Ela não tinha certeza do que sentia sobre isso, mas a sensação era desoladora. Por quanto tempo ele guardou isso para si, sem ter uma pessoa sequer para desabafar?
Se ela soubesse que para este homem quase derramar uma lágrima na frente dela, ele a amava além do que ela poderia imaginar. César nem mesmo choraria para si mesmo. Adeline… era diferente.
“Você já viu onde um animal está sendo caçado por montes de caçadores?” o homem perguntou, seus olhos se enrugando junto com seu sorriso.

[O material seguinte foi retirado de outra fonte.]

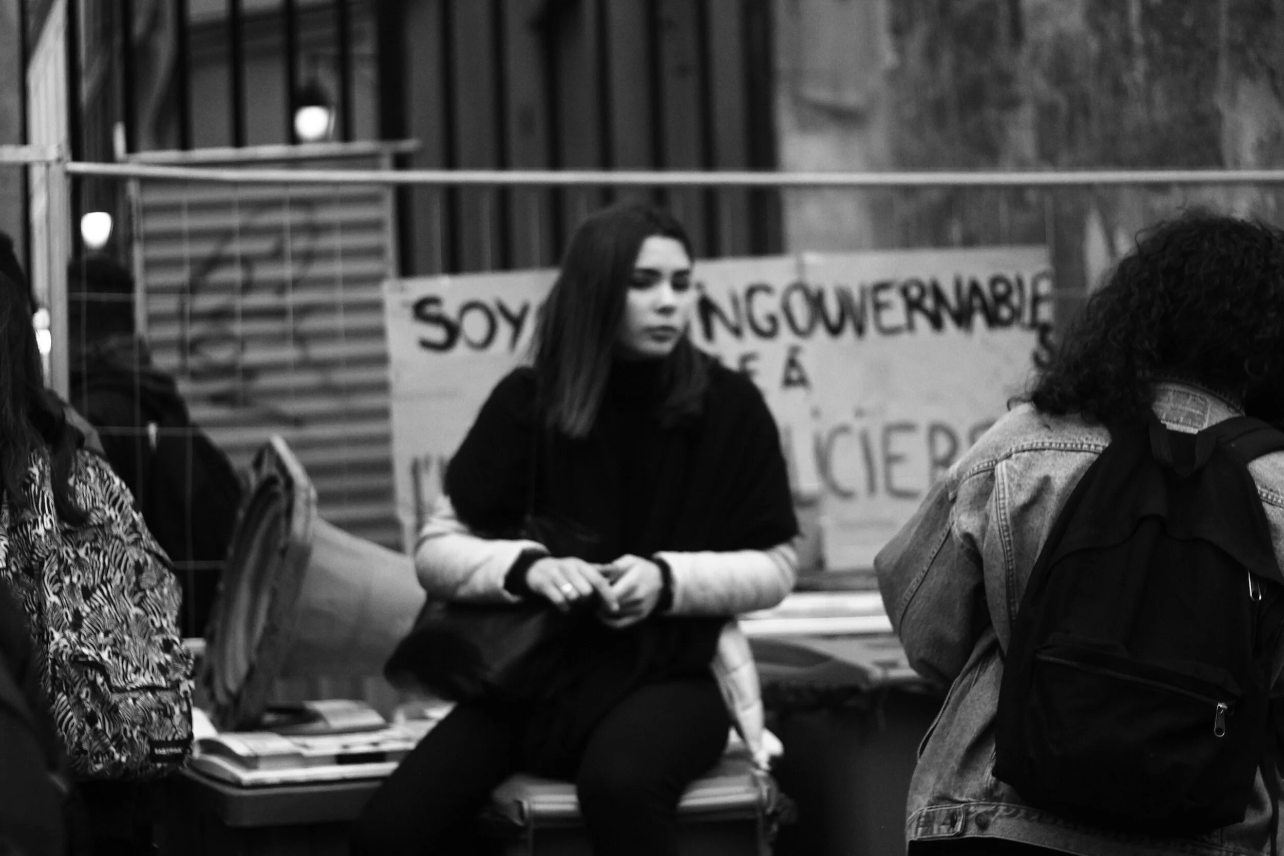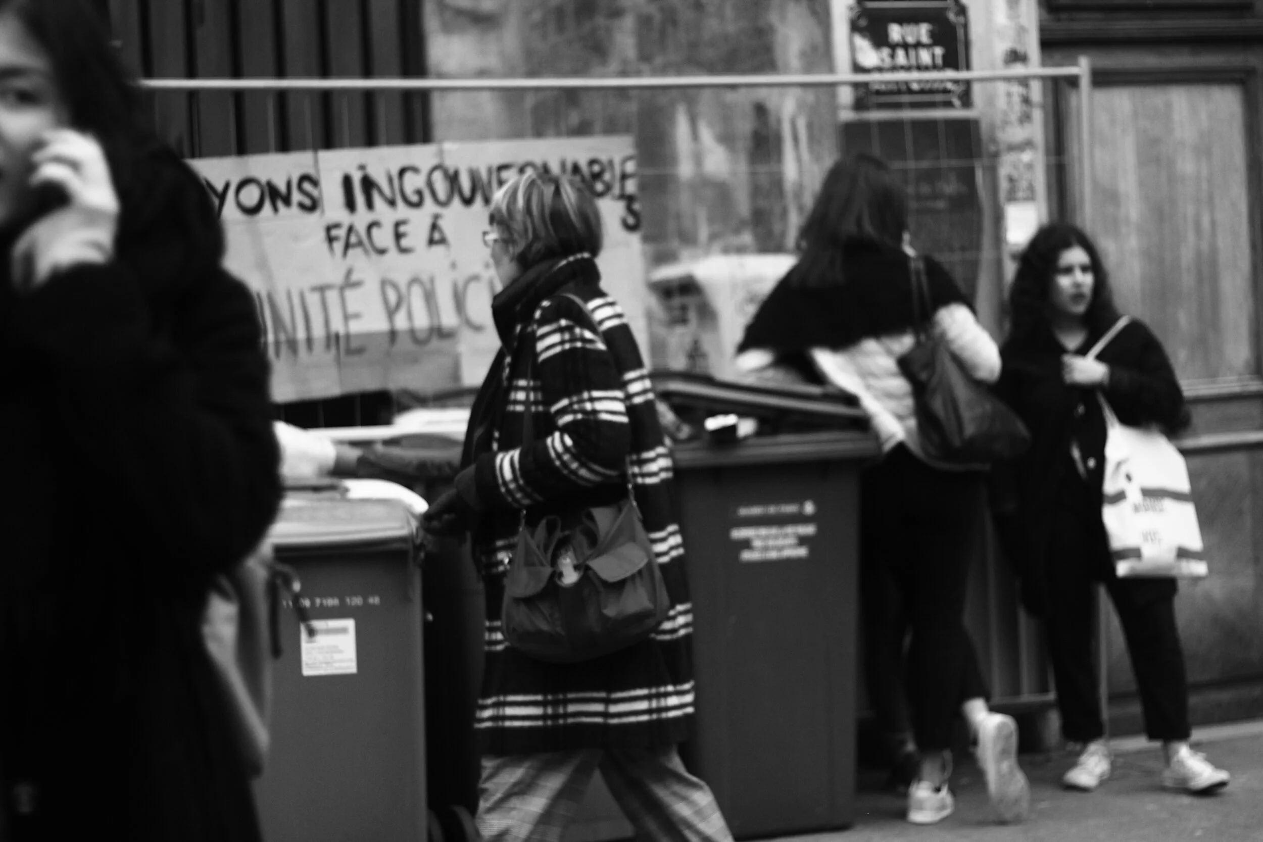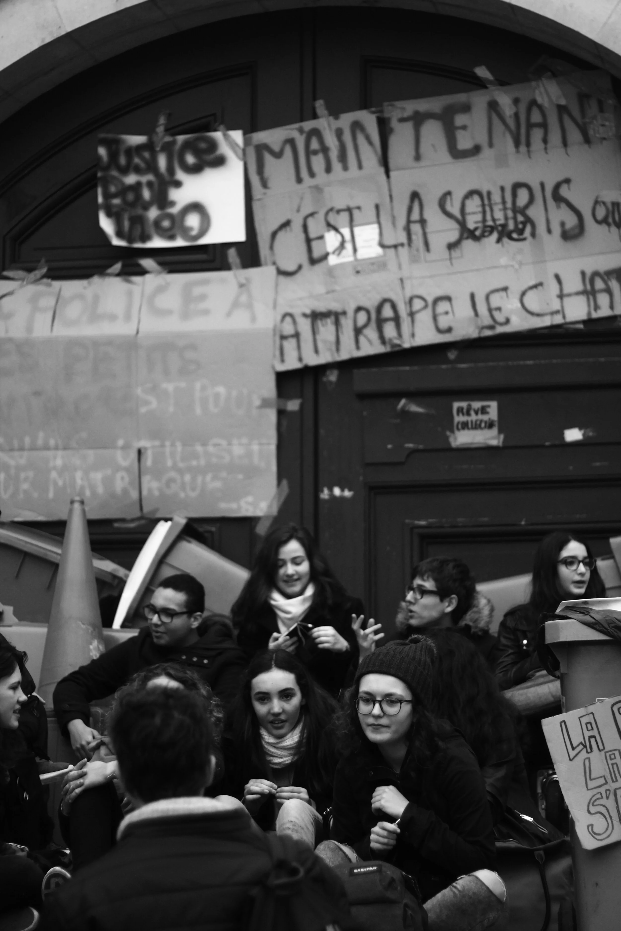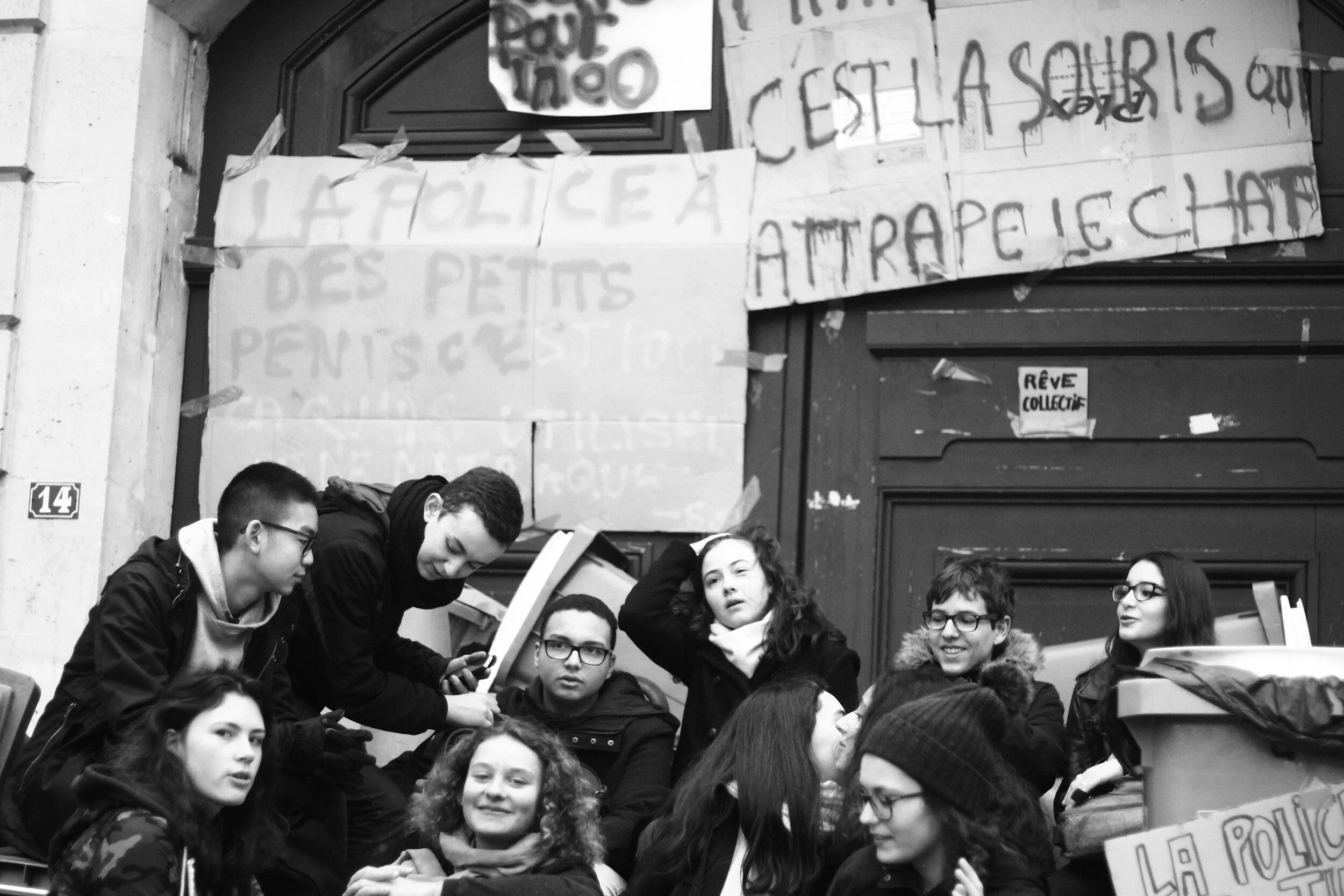 Porte principale du lycée Charlemagne, bloquée par des lycéens. Assis sur des poubelles qui forment une sorte de château, ces derniers répètent : Justice pour Théo. Il est 11:05.

Adeline ficou surpresa. “Hã?”
“O que você quer dizer com isso?” Ela estava assustada, esperando que não fosse o que ela estava pensando. Mas era infelizmente pior do que aquilo.
“Eu fui caçado como um animal, e Romano estava envolvido. Ele ajudou meu pai a me atrair para fora e lá no frio, meu pai teve seus homens me perseguindo com armas. Fui baleado várias vezes, tentando correr pela minha vida.”
“…Para sobreviver e salvar a mim mesmo.”